PROBLEM:
The answer is the line containing "Η σορός της" plus every line after it to the end of the material, retyped exactly and without the pictures.

INPUT DATA:
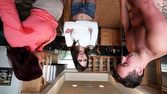cougar abrasador tienta a la adolescente para que la atrape en la cocina
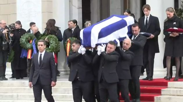 Η σορός της πριγκίπισσας Ειρήνης τυλιγμένη με την ελληνική σημαία εξέρχεται από την Μητρόπολη Αθηνών.
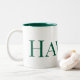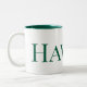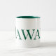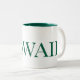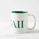 Das ist eine große weiße Kaffeetasse mit einem grünen Innern und das Wort Hawaii steht auf ihr grün. Es ist eine sehr schöne und elegante Stadt
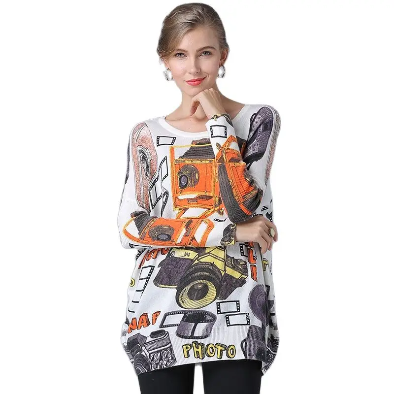 Женский свитер с круглым вырезом XIKOI, повседневный трикотажный пуловер в Корейском стиле с рукавами «летучая мышь» и принтом, большие размеры

WRITTEN RESPONSE:
 Η σορός της πριγκίπισσας Ειρήνης τυλιγμένη με την ελληνική σημαία εξέρχεται από την Μητρόπολη Αθηνών.
 Das ist eine große weiße Kaffeetasse mit einem grünen Innern und das Wort Hawaii steht auf ihr grün. Es ist eine sehr schöne und elegante Stadt
 Женский свитер с круглым вырезом XIKOI, повседневный трикотажный пуловер в Корейском стиле с рукавами «летучая мышь» и принтом, большие размеры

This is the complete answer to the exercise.